About this exercise:
Beneath this instruction is a listing; print exactly the lines in it starting at the line that contains "Seal of the Buda rector Henc fia János" and going through the line that contains "Portrait of Sri".
━━ Records for this exercise
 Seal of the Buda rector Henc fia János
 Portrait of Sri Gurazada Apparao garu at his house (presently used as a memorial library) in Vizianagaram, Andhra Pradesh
━━━━
━━ Records for this exercise
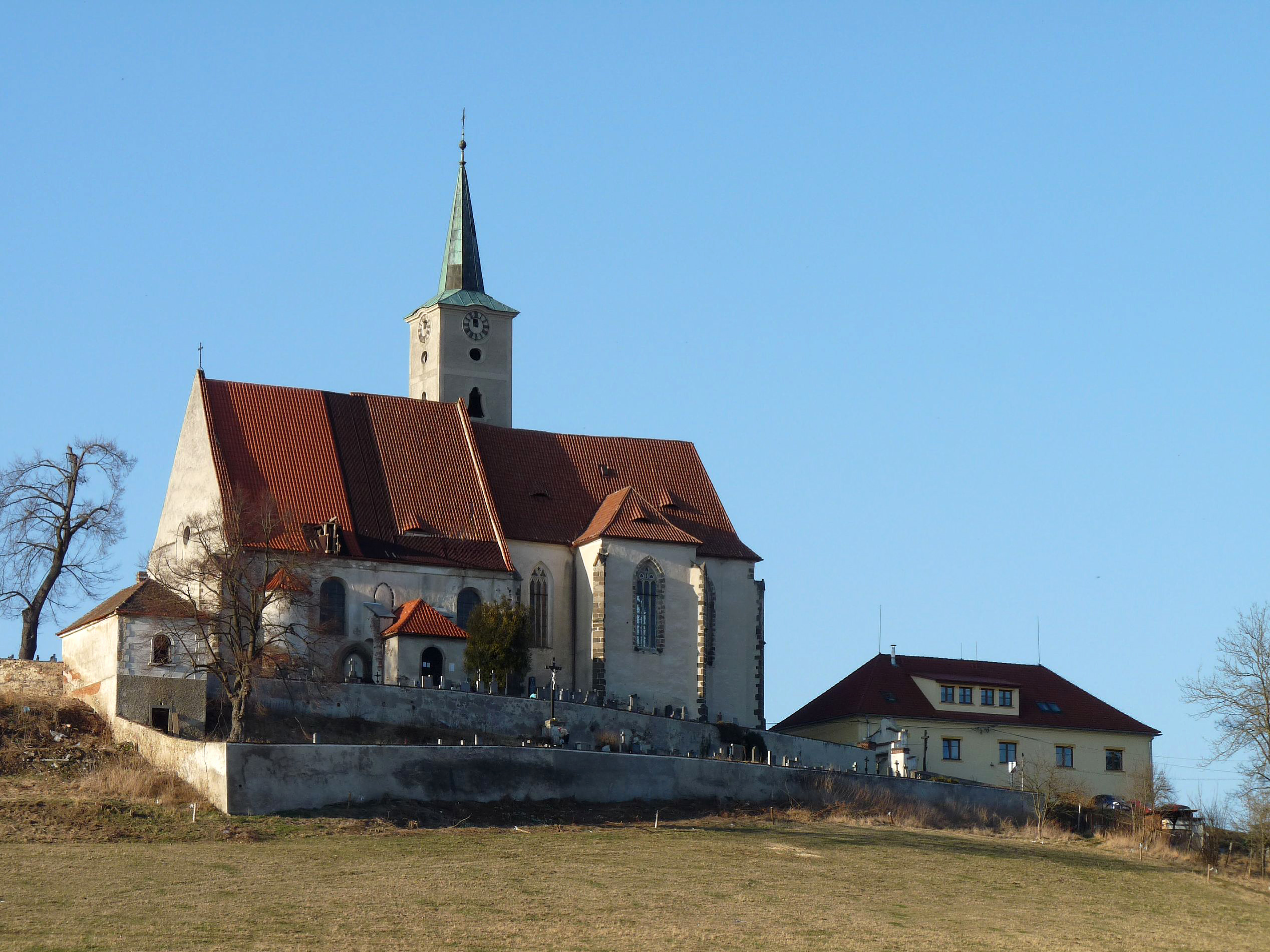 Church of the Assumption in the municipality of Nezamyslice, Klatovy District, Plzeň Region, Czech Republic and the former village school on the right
━━━━
Written solution:
 Seal of the Buda rector Henc fia János
 Portrait of Sri Gurazada Apparao garu at his house (presently used as a memorial library) in Vizianagaram, Andhra Pradesh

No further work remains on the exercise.